A best-selling Canadian author of 14 books on economic trends, real estate, the financial crisis, personal finance strategies, taxation and politics. Nationally-known speaker and lecturer on macroeconomics, the housing market and investment techniques. He is a licensed Investment Advisor with a fee-based, no-commission Toronto-based practice serving clients across Canada.

No doubt now. Up she goes a month Monday. Interest rates rise again on Wednesday, July 11th, and Ontario’s new preem gets some of the credit. Government of Canada 5-year bonds jumped like an excited gland on the news of a Tory majority Thursday night. So did the dollar.

Howcum? The financial markets think Doug Ford, despite his inexperience, gaping deficiencies, personal family issues, past indiscretions and the fact he was elected on populist slogans instead of policies (does any of that sound familiar?) means a better economy for the nation’s largest province. Likely they’re right. The Upper Canadian Dippers were ready to tax housing, tax investors, tax businesses and tax the rich (more). The size and cost of government would increase. The country would turn left as our major trading partner veers right. And wall-to-wall deficits for four years.

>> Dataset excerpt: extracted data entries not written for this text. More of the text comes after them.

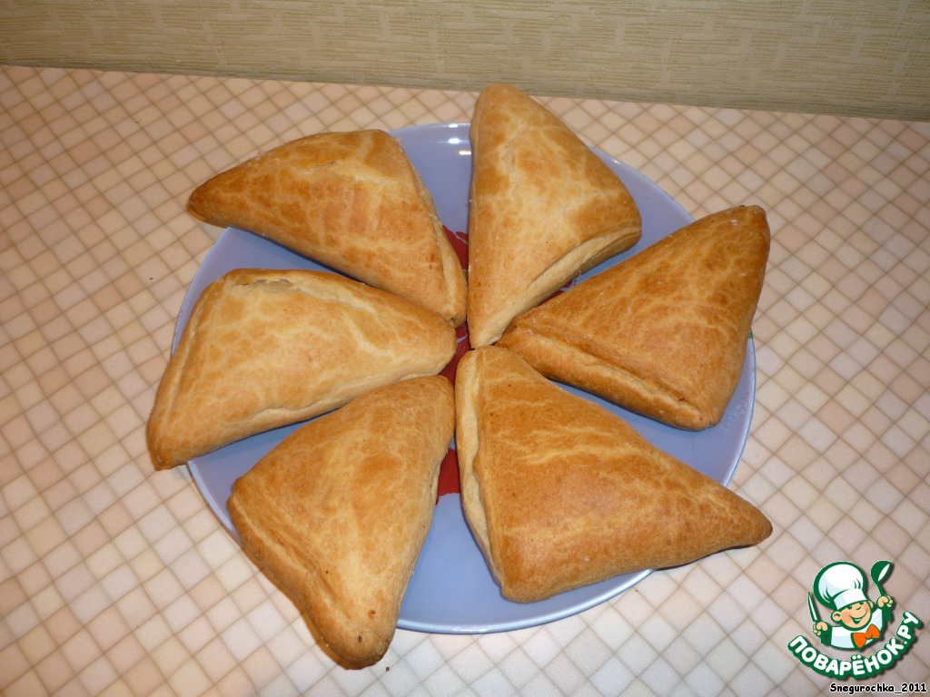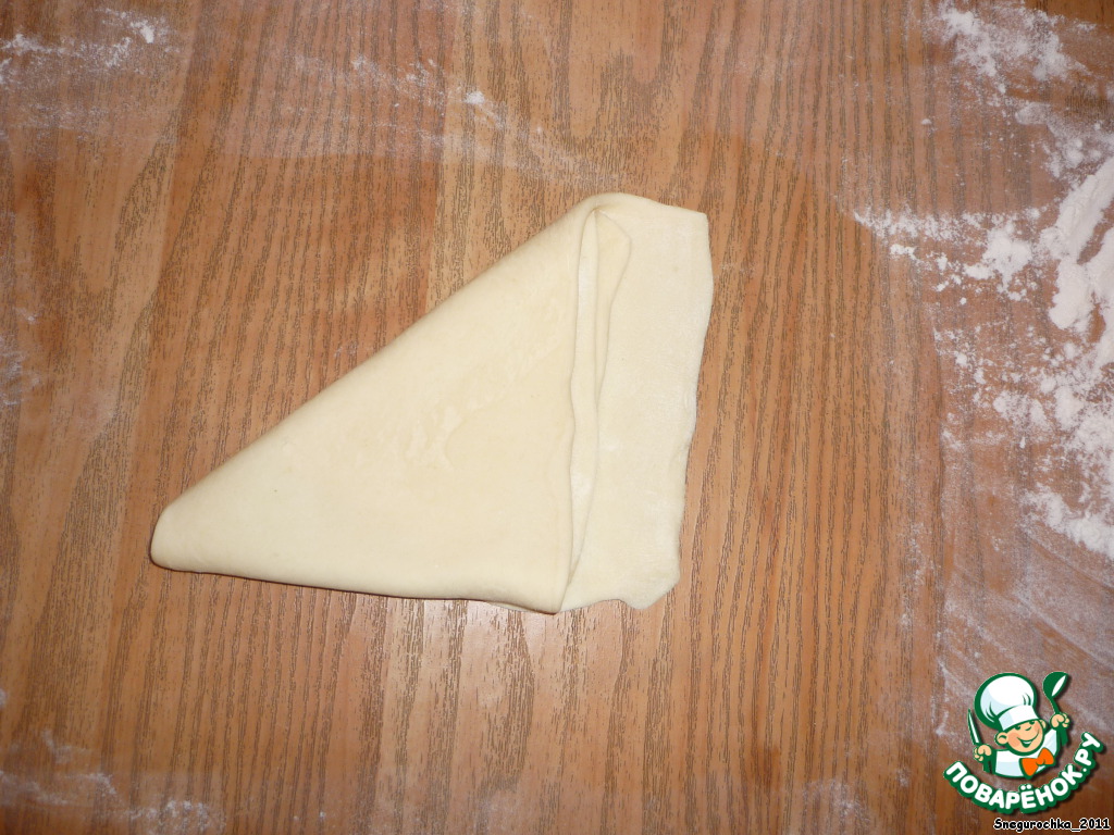 Делаем ещё 5 таких треугольничков. Укладываем на посыпанный мукой противень, смазываем белком и отправляем в нагретую до 200 градусов духовку, до образования румяной корочки.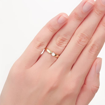 Кольцо с 1 бриллиантом природным, 0.11 карат, огранка круг 57 граней, цвет 3, чистота 6, тип огранки А; Желтое золото 585 пробы.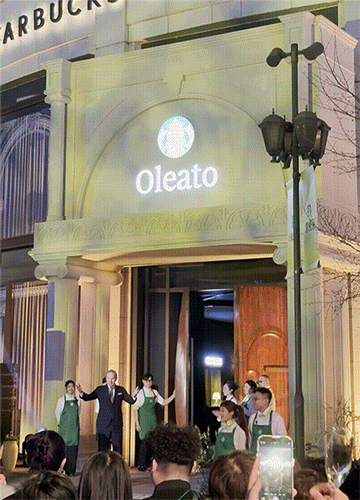 来到吴江路靠近石门一路的路口,便能看到星巴克的巨大围挡,Oleato®的标识,正预示着一个惊喜的到来。而在星巴克臻选®上海烘焙工坊外的广场上,一个精心缔造的“西西里橄榄园”限时闪现。盛开的鲜花、绿意盎然的橄榄枝和咖啡枝,和巴洛克式的阳台,共同营造了一个城中的意式风情胜地。晚宴正式开始前,在这里伴随着傍晚的微风,聆听着浪漫的意大利民调,喝上一杯咖啡,仿佛置身西西里岛的海边,惬意无比。“西西里橄榄园”的户外装置会持续到3月31日,有机会一定要来体验!随后,在万众期待中,这次晚宴的主角——星巴克创始人霍华德·舒尔茨终于登场,并邀请我们一同进入晚宴现场。![]()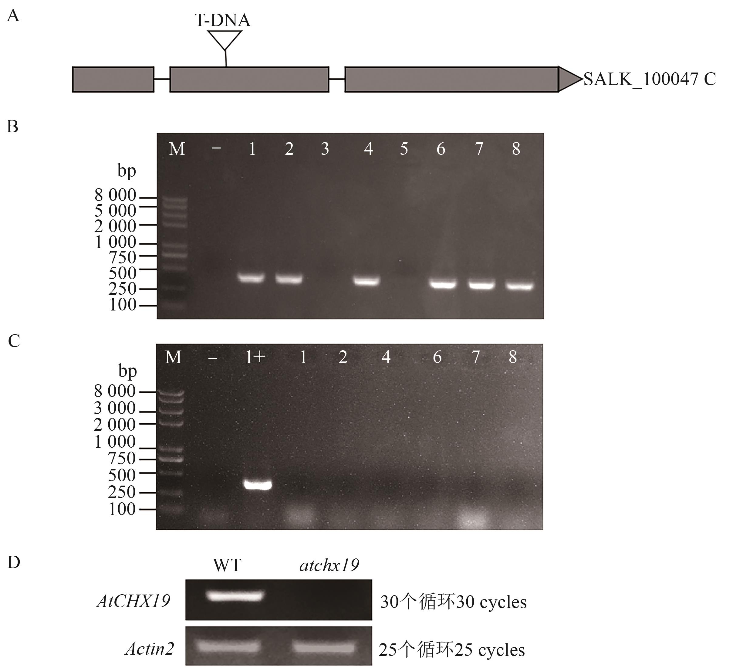 Fig. 8 Identification of T-DNA insertion mutants of AtCHX19 transgenic Arabidopsis thalianaA: T-DNA was inserted into the mutant SALK_100047C; B: PCR identification of AtCHX19 siliencing insertion; C: PCR identification of AtCHX19 siliencing homozygous; D: Identification of atchx19 mutants by RT-PCR. M—Trans2K Plus Ⅱ DNA Marker; - —Negative control; + —Positive control; 1~8—Arabidopsis mutants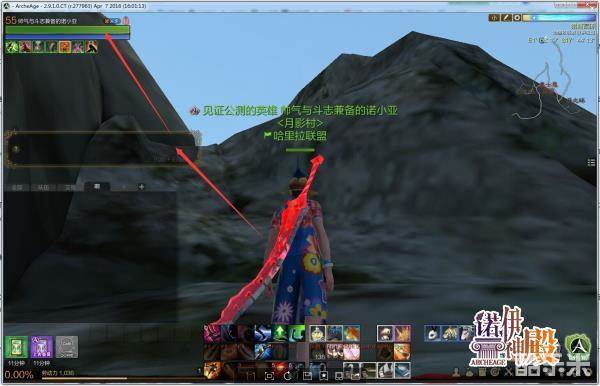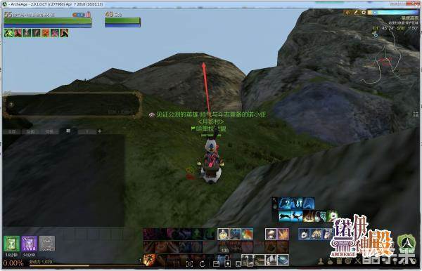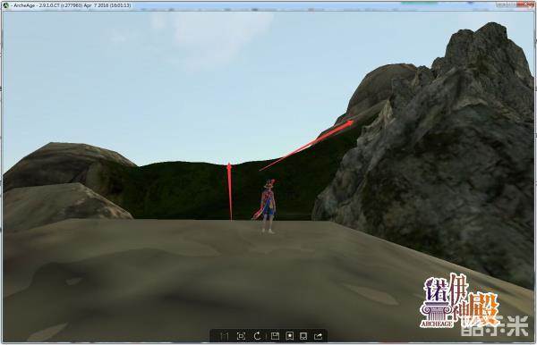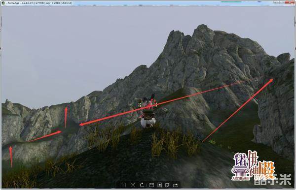 来到左侧山麓下的缓坡上,接下来我们就需要先登上山麓,这样比较好勘察后面的路该怎么走。登山活动除了需要配备一个性能不错的滑翔翼之外,如果有兔子或者兔驼这类比较善于蹦跳越过地形的坐骑那就会更方便了。按照箭头指示的方向骑着坐骑一般就可以直接上去了,当然如果你骑得是只马的话就只能下来使用滑翔翼飞跃起来登上山麓了,马、雪狮这一类的坐骑攀爬方面的能力还是比较差的。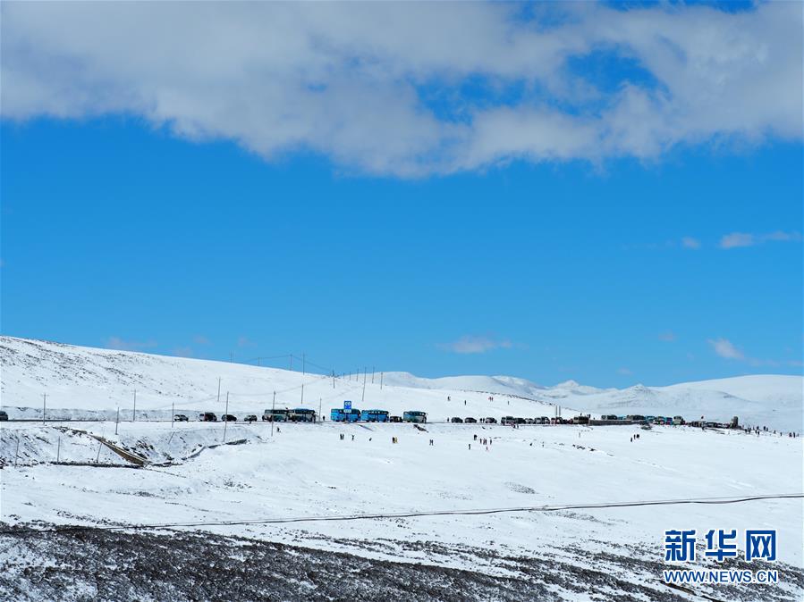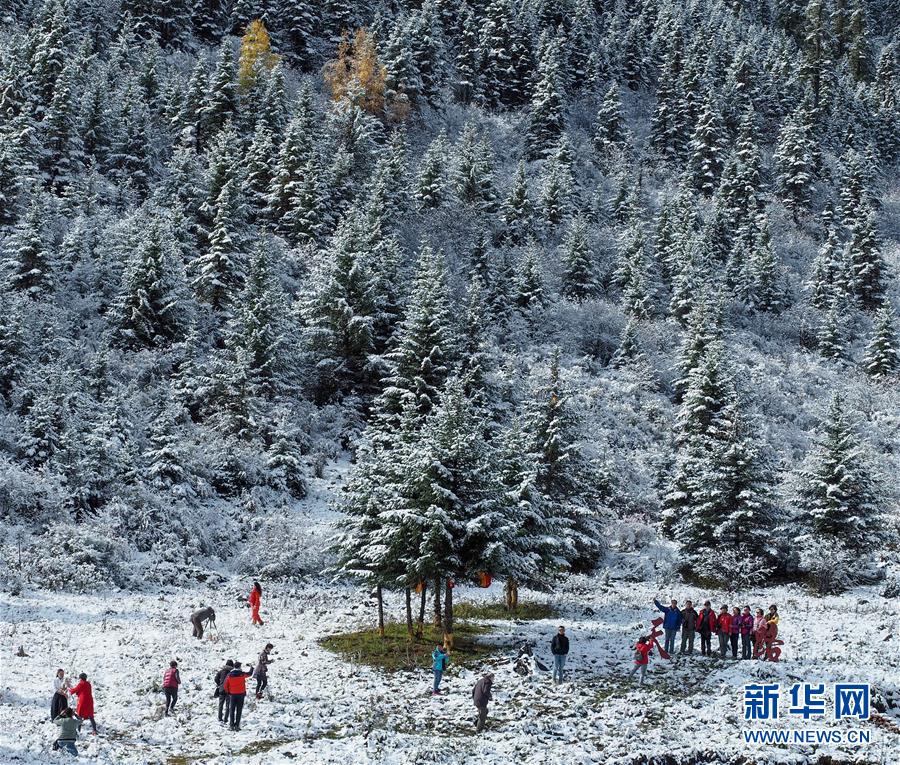 在318國(guó)道四川卡子拉山埡口,游人在雪地里留影、嬉戲(10月17日攝)。新華社記者江宏景攝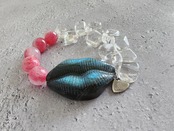 ぷっくりとしたラブラドライトの唇を桜の花びらのように可憐なロードナイトシリカと艶やかな透明感が官能的なクリスタルタンブルを合わせたインパクトが大きい、最高に華やかなアイテムです。
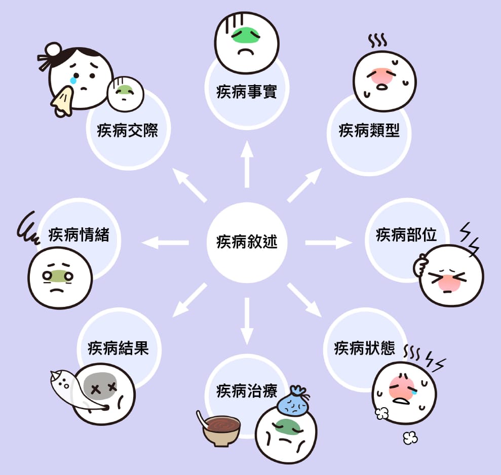 每個分類詞即代表著不同問題意識。例如,當團隊想了解「小說如何描述疾病?」,根據文本內容可以初步分成八類標記,包含疾病情緒、狀態、治療等等,各個標記都能再往下延伸成獨立的研究子題。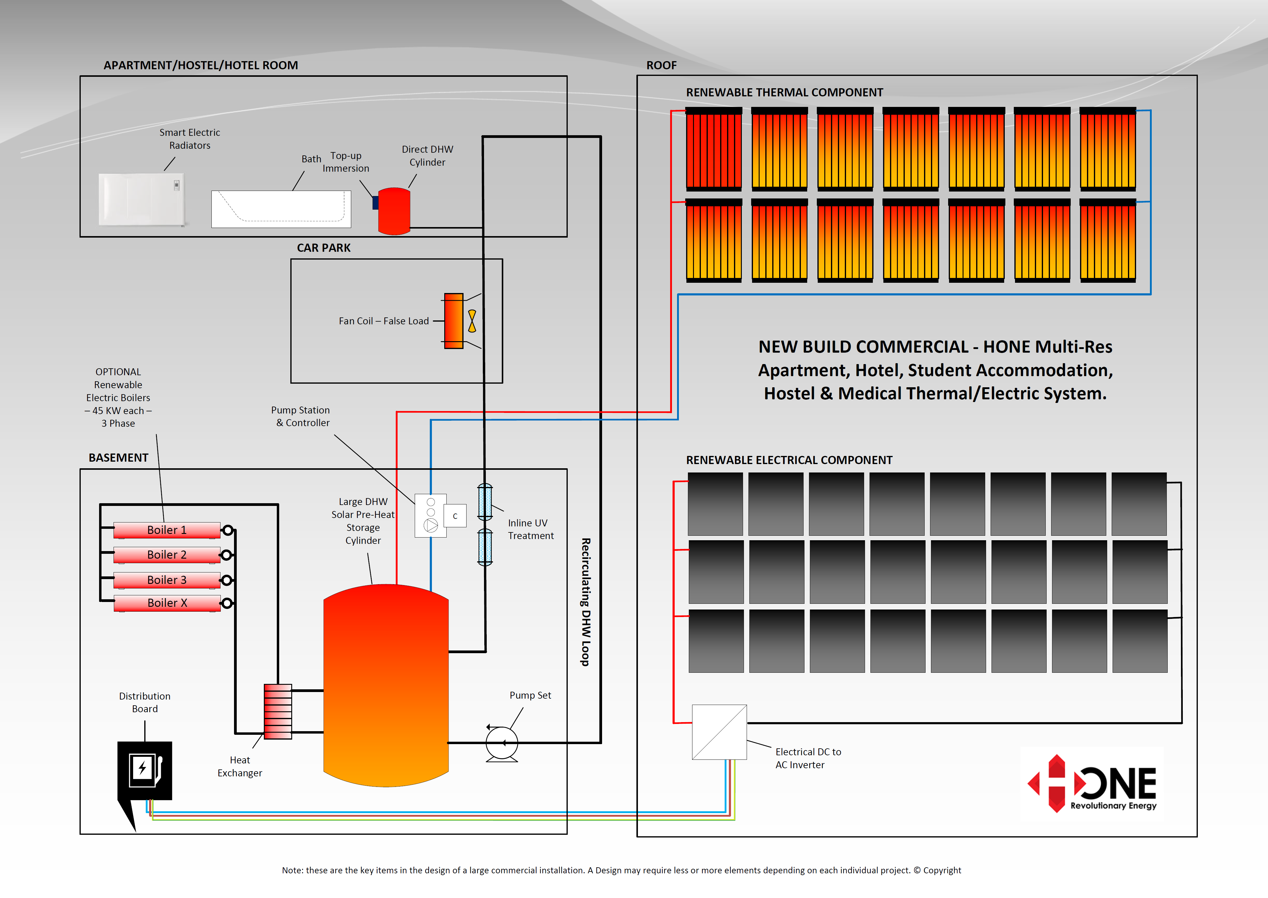 - HONE Renewable Electricity system. (which can go into landlord services, EV charging services can act in a Hybrid format with the Renewable Thermal DHW system)

So, Ontarians dodged that bullet. Now Ford says he’ll cut electricity bills, gas taxes, income tax, real estate tax and halt the march to a $15 minimum wage. Less government, lower taxes, more money left in consumer pockets to spend on goods and services and in businesses to expand and hire. Growth. Markets feed on it.

Growth brings expansion and inflation. That fuels rate increases, especially now.

Forget NAFTA, trade wars, household debt levels and a staggering housing market. The Bank of Canada sees instead a country with a stable employment rate, decent job creation, a growing trade surplus, a major trading partner hungry for imports, a new pipeline and the fastest wage growth in six years. The jobs numbers on Friday may have sucked a bit (a loss of 7,500), but the big news was a 3.9% annual spike in average hourly wages – the biggest surge since the lights went out in 2009.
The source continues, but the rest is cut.